Consider the following x64 code, produced by clang:
mov rax, qword ptr [rsi] ; 1
mov rdx, qword ptr [rip + hash_mult] ; 1
imul rdx, qword ptr [rax - 8] ; 2
movzx ecx, byte ptr [rip + hash_shift] ; 1
shr rdx, cl ; 3
mov rax, qword ptr [rip + vptrs] ; 2 - or 3 ???
mov rax, qword ptr [rax + 8*rdx] ; 4
mov rcx, qword ptr [rip + slots_strides] ; 1
mov rax, qword ptr [rax + 8*rcx] ; 2
jmp rax ; 5
I have two questions.
Can I assume that the lines marked with the same ordinal can and will be executed in parallel?
What's with the byte ptr
used by the movzx
instruction? Does it indicate poor alignment?

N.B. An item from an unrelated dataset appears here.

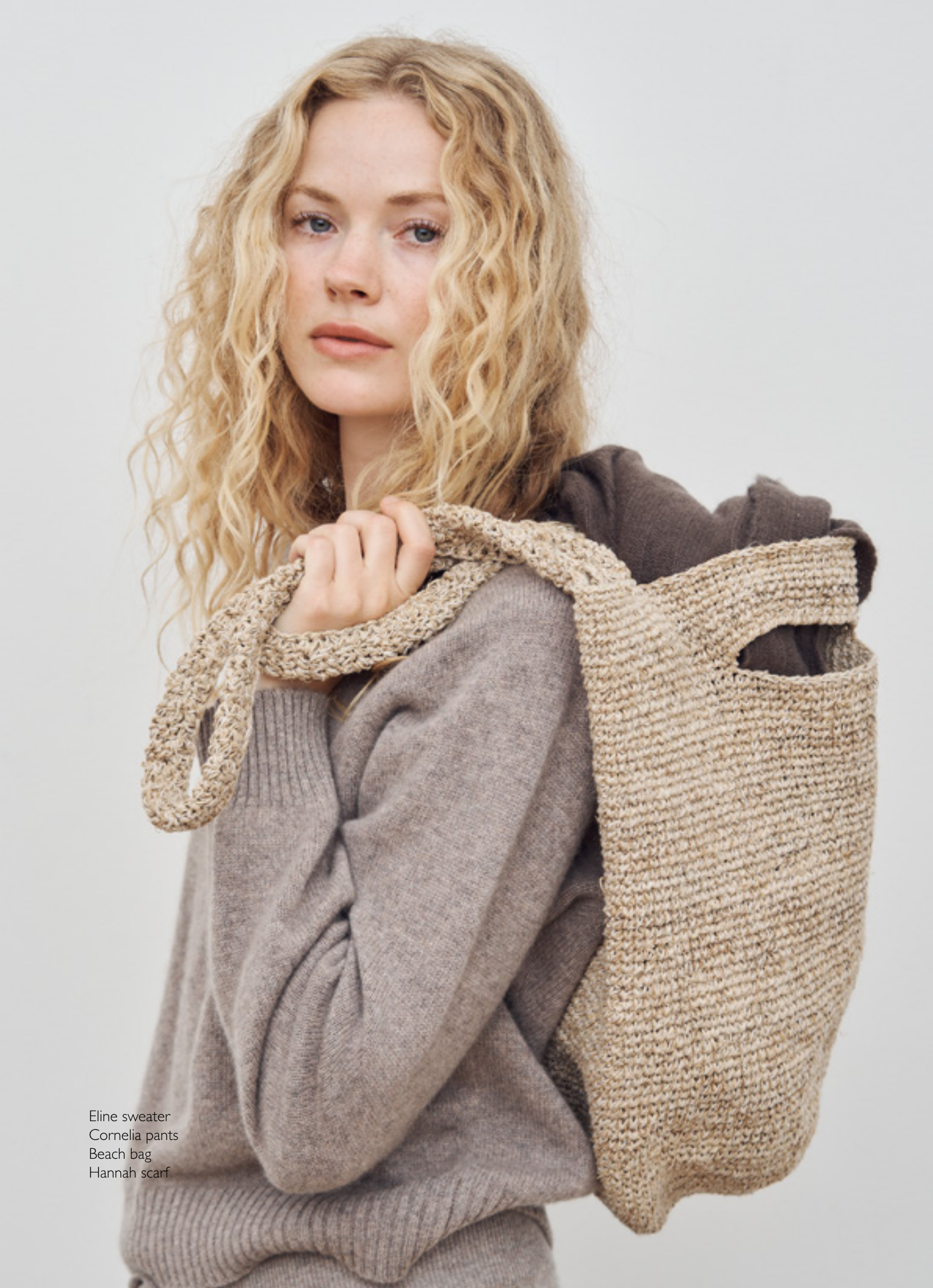
Eline sweater Cornelia pants Beach bag Hannah scarf

Your analysis is almost correct. The instruction mov rax, qword ptr [rip + vptrs]
can also execute as early as group 1—register renaming uncouples instructions from the names of the registers they use.
Note that the actual order in which the instructions are executed depends on the specific microarchitecture used. Use a tool like uiCA to analyse this. (https://uica.uops.info/)
The byte ptr
phrase indicates that the operand is a pointer to a byte, as opposed to a pointer to a quadword as with the other operands.